By Christopher Sutton

Professor John Villasenor
Earlier this year, the UCLA Henry Samueli School of Engineering and Applied Science concluded a license agreement with Samsung Electronics covering nine patents in the area of multimedia communications.

The patents are the result of several years of collaboration between UCLA electrical engineering professor John Villasenor's Image Communications Laboratory and Samsung's Digital Media R&D Center in Suwon, South Korea. The patents cover ways to efficiently and accurately transmit images and video sequences using wireless devices such as next-generation cellular telephones and computers connected to wireless local area networks.

"These technologies are at the junction of two very important frontiers - wireless communications and digital imagery," notes Villasenor. "We are already seeing a dramatic growth in the image transmission capabilities of mobile phone networks, particularly in the overseas markets. Companies that are able to offer high quality multimedia services to their customers will distinguish themselves from the competition."
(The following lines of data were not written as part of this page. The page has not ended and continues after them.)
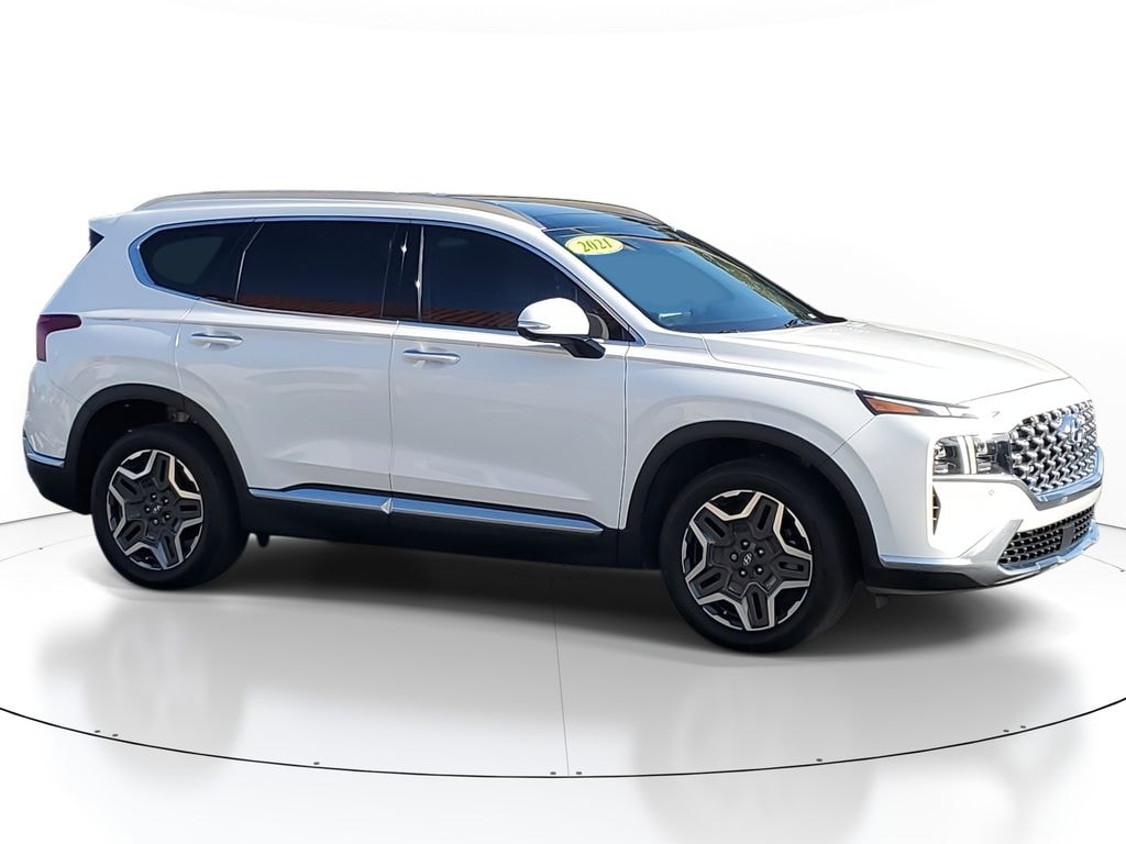This unit comes equipped with Android Auto for seamless smartphone integration on the road. Apple CarPlay: Seamless smartphone integration for the vehicle - stay connected and entertained on the go! This Hyundai Santa Fe offers Automatic Climate Control for personalized comfort. The high efficiency automatic transmission shifts smoothly and allows you to relax while driving. Protect this Hyundai Santa Fe from unwanted accidents with a cutting edge backup camera system. Good News! This certified CARFAX 1-owner vehicle has only had one owner before you. This 2021 Hyundai Santa Fe has a clean CARFAX vehicle history report. Set the temperature exactly where you are most comfortable in this 2021 Hyundai Santa Fe . The fan speed and temperature will automatically adjust to maintain your preferred zone climate. Easily set your speed in this vehicle with a state of the art cruise control system. Increase or decrease velocity with the touch of a button. The Electronic Stability Control will keep you on your intended path. This vehicle has a 4 Cyl, 2.5L high output engine. Front wheel drive on it gives you better traction and better fuel economy. This mid-size suv is equipped with a gasoline engine. It features a hands-free Bluetooth phone system. This vehicle is pure luxury with a heated steering wheel. With the keyless entry system on the vehicle you can pop the trunk without dropping your bags from the store. Lane Keep Assist in the vehicle helps maintain safe driving by gently steering to stay within the lane. The leather seats in it are a must for buyers looking for comfort, durability, and style. Help alleviate lower back pain with the driver seat lumbar support in this model. The spacious cabin accommodates your family and friends in comfort. Take it to the mountains or the beach. the Hyundai Santa Fe can handle it all. You'll never again be lost in a crowded city or a country region with the navigation system on the vehicle. Enjoy the convenience of the power liftgate on this model. Never get into a cold vehicle again with the remote start feature on this vehicle. The vehicle embodies class and sophistication with its refined white exterior.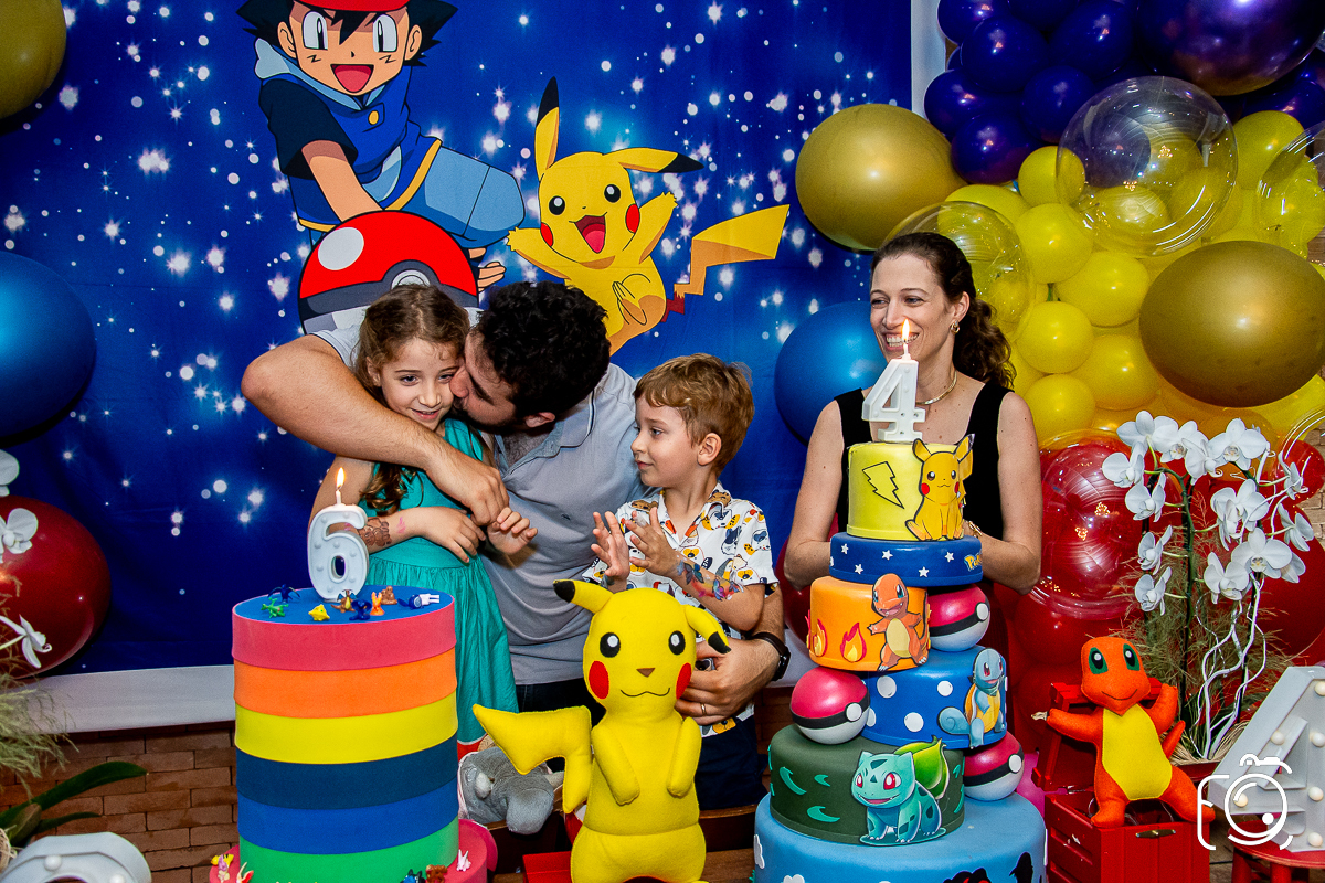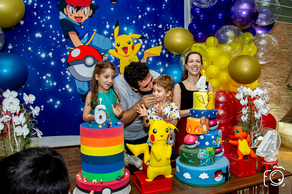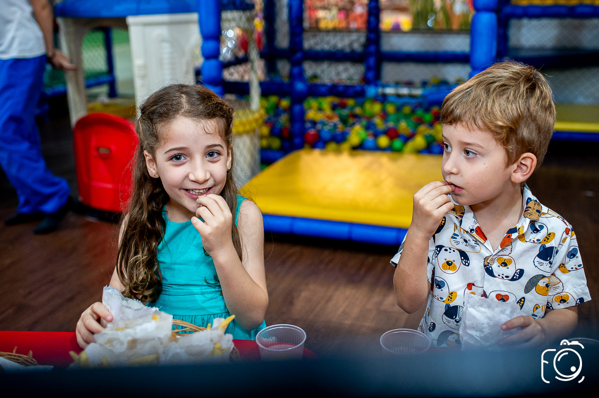 Pela primeira vez aqui no site um aniversário duplo e de dois irmãos, que comemoram com a família e seus amiguinhos.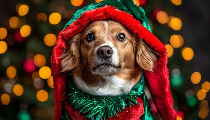 Пусть наши питомцы тоже блистают в праздники! Если хотите создать праздничный образ для себя и своих домашних животных, то присмотритесь к следующим идеям для пет-маскарада. Главное условие — чтобы ничего не мешало дружочку, не стесняло его движений, ведь он в первую очередь пёс, а не игрушка. На собак крупных пород можно надеть для забавного фото ободок с рожками оленя. В зоомагазинах можно найти такие обручи и для собак мелких пород. Вместо ошейника можно надеть такой «официальный» костюм. Но важно грамотно закрепить аксессуар: если он будет слишком свободным, то пёс может его потерять, а если застегнуть туго, то бабочка может душить питома. Наверняка у вас-то есть такой, а вот у собакена пока нет. А каким красавчиком будет ваш пёс на прогулке в таком наряде! Можно купить готовый или попробовать связать своими руками по индивидуальным параметрам. Готовьтесь, что прохожие захотят сфотографировать вашего питомца. Сейчас очень популярны такие для собачек мелких пород: костюм надевается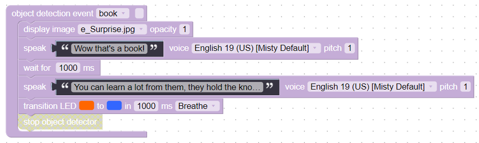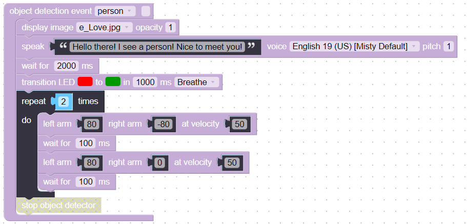 Make sure that your Misty will have a unique reaction to each recognized object and now you're ready to call the object recognition event: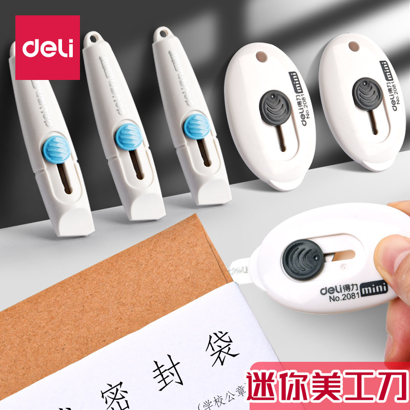 得力美工刀小号美术开箱器拆快递割包裹神器考研专用小型小刀迷你学生可爱刀片手工裁纸刀钥匙扣随身便携批发
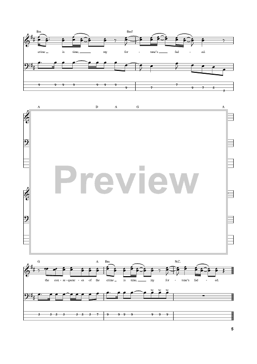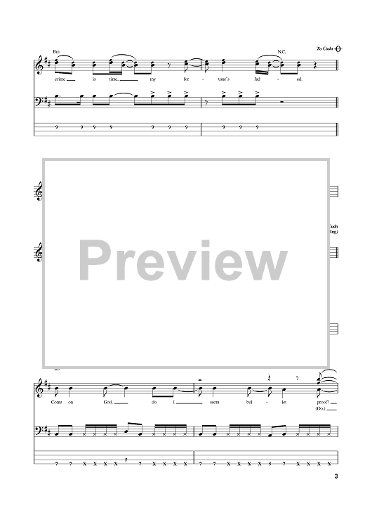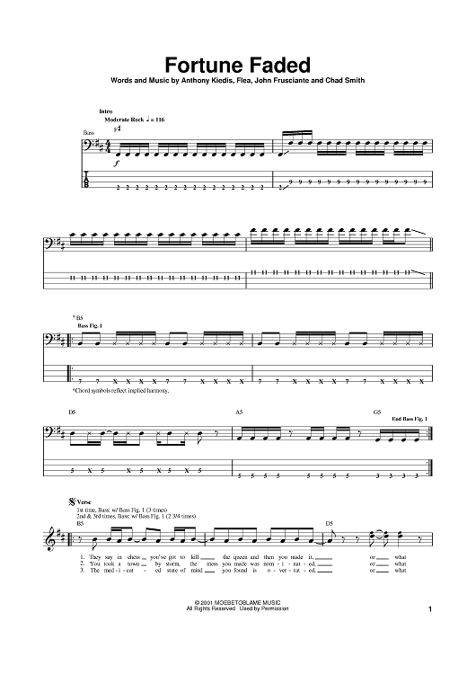 Digital Sheet Music for Fortune Faded by Flea, John Frusciante, Anthony Kiedis, Red Hot Chili Peppers scored for Bass Tab; id:374154

Villasenor's Image Communications Lab conducts theoretical and applied research in source coding, channel coding, and system-level solutions to enable low-power, robust, and efficient multimedia communications and computing. The lab includes 10 graduate students, several undergraduate researchers, and several full time research and development engineers.
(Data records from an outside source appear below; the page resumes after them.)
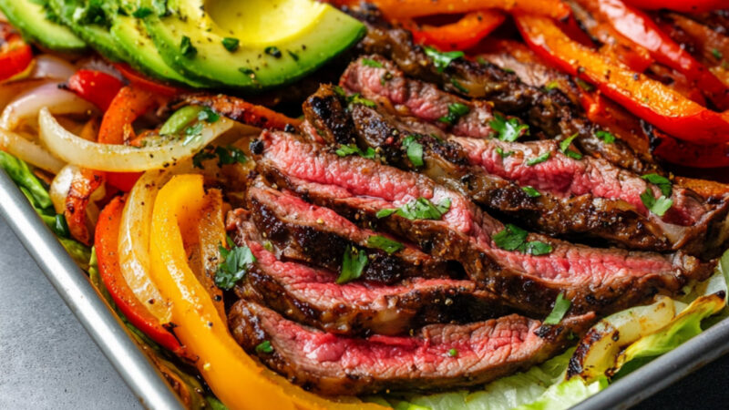 Savor a bold and refreshing meal with these Flank Steak Fajitas, featuring tender roasted steak, colorful veggies, and a creamy cilantro lime dressing. Served in crisp lettuce cups, this dish is packed with flavor and simple to prepare. ????️????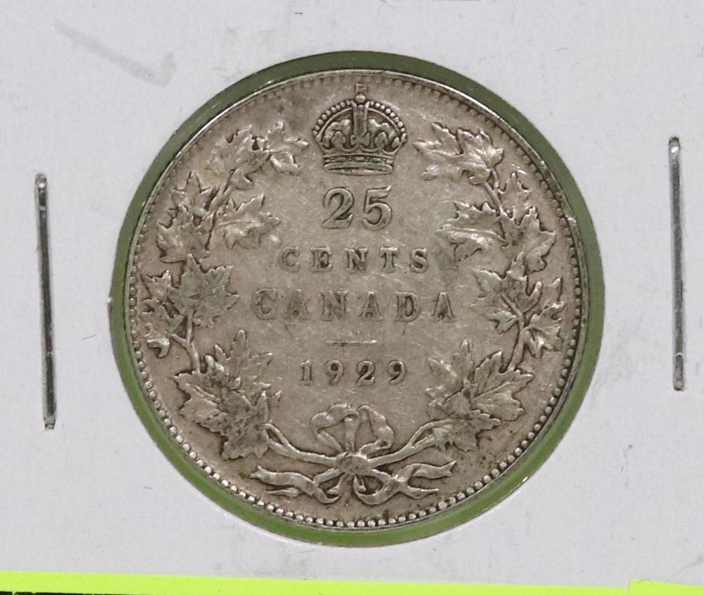 1929 CANADIAN GEORGE V SILVER 25 CENT COIN.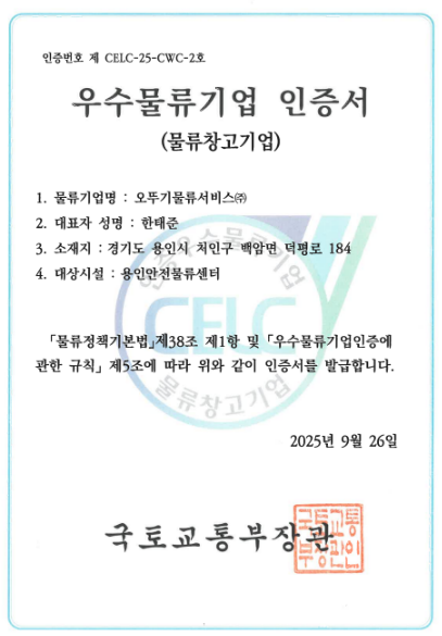 오뚜기물류서비스㈜는 서류심사와 현장심사를 통해 물류시설 운영 수준이 우수하여 국토교통부로부터 2025년 9월 우수물류기업임을 인증을 우수물류기업 인증은 경영체계와 서비스 품질을 종합적으로 평가하여 기업의 경쟁력과 신뢰도를 제고하고, 경영효율화 및 친환경/안전중심의 우수물류기업 인증 효과로는 정책자금 우선 지원, 공공입찰 가점 부여 등 법적혜택과 경영•운영 •재무 •물류관리 •친환경 등 전반적인 시스템을 또한 인증을 통해 직원들의 물류품질에 대한 인식이 강화되며, 대내외적으로 우리 회사의 발전과 혁신을 널리 알리는 계기가 되었습니다.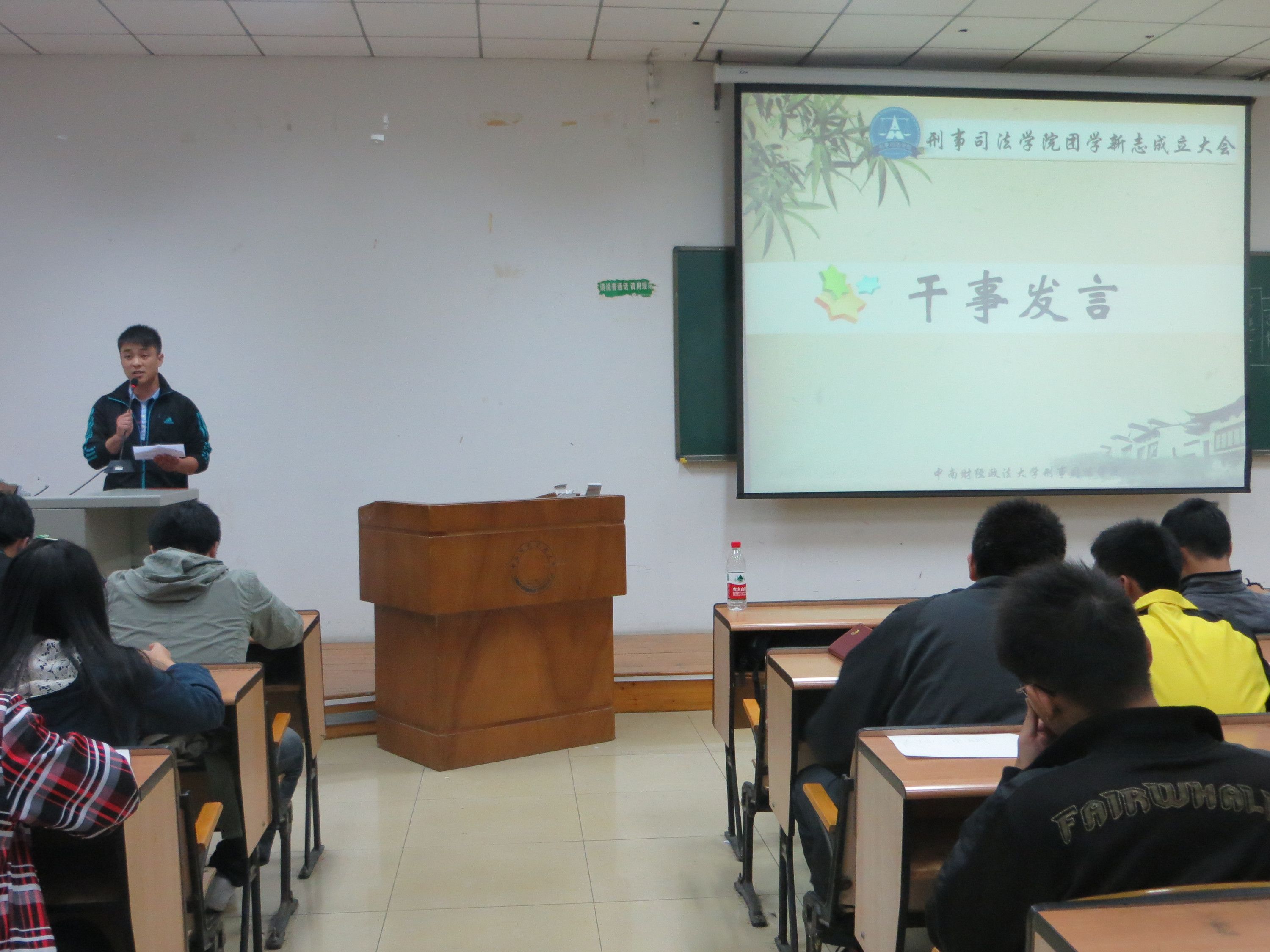 随后,由来自侦查1301班的新生黄珊珊代表新生干事发言。其诙谐的开场白让大家忍俊不禁,会议气氛顿显活跃。黄珊珊同学首先提出了自己对于团学新志新干事工作的见解,强调新干事要增强集体意识。随后他从学习、责任等其他四个方面详细阐述了新干事们的工作要点,并表明会与刑司所有干事一起努力,为刑司书写更为辉煌的篇章。

"These patents and the research that led to them represent the kind of significant work our faculty are conducting here at UCLA," says Vijay K. Dhir, dean of the UCLA Henry Samueli School of Engineering and Applied Science. "It is rigorous, academically groundbreaking research, and is not only of great value and interest to the world's leading technology companies, but will impact the way we live our lives."

Emily Loughran, director of licensing at the UCLA Office of Intellectual Property Administration, noted that the licensing agreement represents a win-win situation for the University of California and for Samsung.

"We have been aware for some time that these were potentially valuable patents," explains Loughran. "While we were confident in our ability to license the patents, our first preference was to license them to Samsung since they were our collaborators in the research that led to the innovations."

UCLA's licensing activity helps move nascent technologies to the marketplace for the public benefit and returns $10 million a year in royalty and fee income, which is shared with inventors, their labs, and research programs at UCLA.

"We are very pleased with this exclusive license agreement by which Samsung scales up its IP portfolio," says Min-Hyung Chung, vice president and head of the Technical Planning Team at the Digital Media R&D Center of Samsung Electronics. "We believe Samsung will have a more robust position in the fields of wireless communication and digital imagery."